Lease contracts: in the mechanism, private companies lease facilities are assumed to be responsible for operation, maintenance, upgrade and even replacement of capital assets. The PPPs form is used extensively in both public and commercial areas. For example, state government leases development rights for land to private sector so that private firms could build station [12] .

4.2. Public-Private Joint Ventures:

Public-private joint venture is another PPPs form that often used in countries where privatization policies require government agencies to share stock with private firms. It is also an effective tool government use to privatize state-owned operations. Besides, there are some cases, government firms want to have public-private joint venture because they need private firms help them with problems/ issues that them cannot deal by themselves.

4.3. Build-Operate-Transfer Agreements:

Government use build-operate-transfer agreements when they want to buy or lease completed facilities financed and constructed by private companies after the private companies get their investment back as well as make benefit from their investment. For example, a United State private company provides building, operation, maintenance for a waste-water treatment to a local area.
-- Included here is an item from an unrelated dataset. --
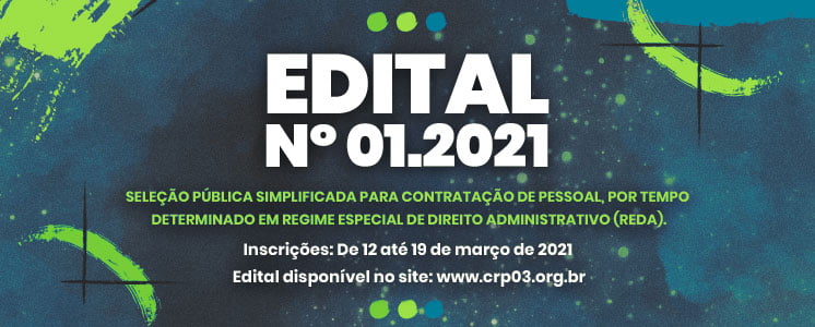 Confira o edital: EDITAL Nº 01.2021 – Seleção simplificada – CRP-03

After a period of time, the private company gets their investment recovered and they also get profit. Then, the private company might want to transfer its ownership to local/ municipal government [13] .
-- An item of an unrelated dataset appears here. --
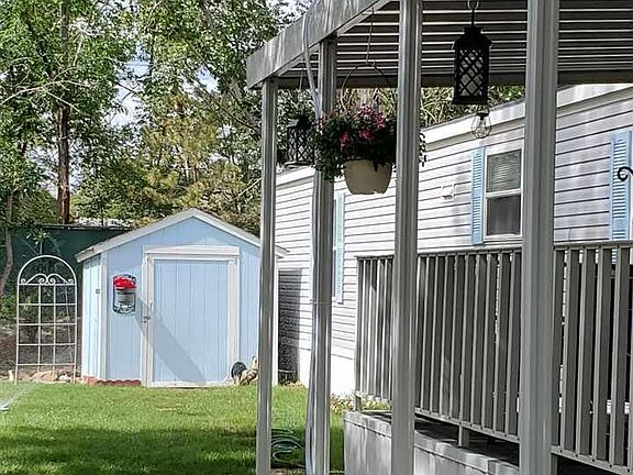 Extremely well kept 1216 sq ft home includes 3 bedrooms 2 full baths, split bedroom design. This home is situated in the quiet area of Midlands Village and backs up to a row of mature trees. There is the large covered deck just made for relaxing and to enjoy any time of the day, the yard is nicely landscaped and theres thats great shed with a new floor, lights and exterior outlets, that would make a great workshop. Appliances included are gas range, refrigerator, dishwasher and washer & dryer. New Breezair cooler, only used one season. Lot rent is $495 which includes water, sewer, trash, irrigation and the use of park amenities. RV storage, community garden, and club house use are also available. Youll want to see this this .Move in Ready!!

4.4. Passive Public Investment:

In the mechanism, government invest in public sector (loans, grants, below market interest rate, etc.) in order to encourage public firms participate in public programs/ projects that are constructed for public benefit such as economics development, subsidy for purchase services, housing for low income people. The advantage of the PPPs for is that, thanks to the state incentives, private companies can reduce cost and risks as well. Besides, government agencies also get benefit because the private sector have comparative advantage in producing and providing products or services. The disadvantage of the mechanism is that both government and private can misuse the incentives. So it is very necessary to have a careful monitor and transparent management system. For example, in India, there is ubiquitous cooperation between government and private sectors in which private housing companies provide low-cost housing to low-income people effectively with support from local regulatory authorities.
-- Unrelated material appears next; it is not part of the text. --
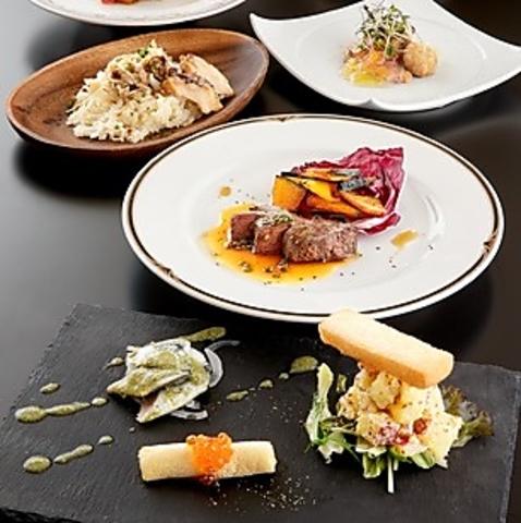 最上階から望む絶景は圧巻。開放感溢れる空間でゆったりとお食事をお楽しみいただけます♪シェフが腕を振るうコースは、飛騨牛や新鮮な野菜をふんだんに使用したホテルならではの上質な料理をご提供。彩り豊かな前菜からメイン、デザートまで、五感で楽しめる一皿をご用意しております。日常を忘れる特別なひとときを、ぜひ当店で。

4.5. Delegating Responsibility for Services or Infrastructure to the Private Sector:

This mechanism is increasingly used when states want to enhance the participation of private sector into public benefit such as environment, health, security, etc. The PPPs is done through mandatory and regulatory that simply require private sector to involve and follow. For example, private firms are required to invest in facilities and equipment that help protect environment by reducing emission to air. The Clean Air Act, the Resource Conservation and Recovery Act, and many state and local environmental regulations are supposed to protect environment by asking and forcing private firms involve in [14] .

4.6. Voluntary or Informal Public-Private Cooperation:

There is a trend of increasing voluntary activities in which private sector volunteer in public programs, and projects in order to address social issues and find the ways to deal with the issues as well as improve products and services quality. Participants in PPPs include UNICEFF, Agriculture and Development, World Vision, etc.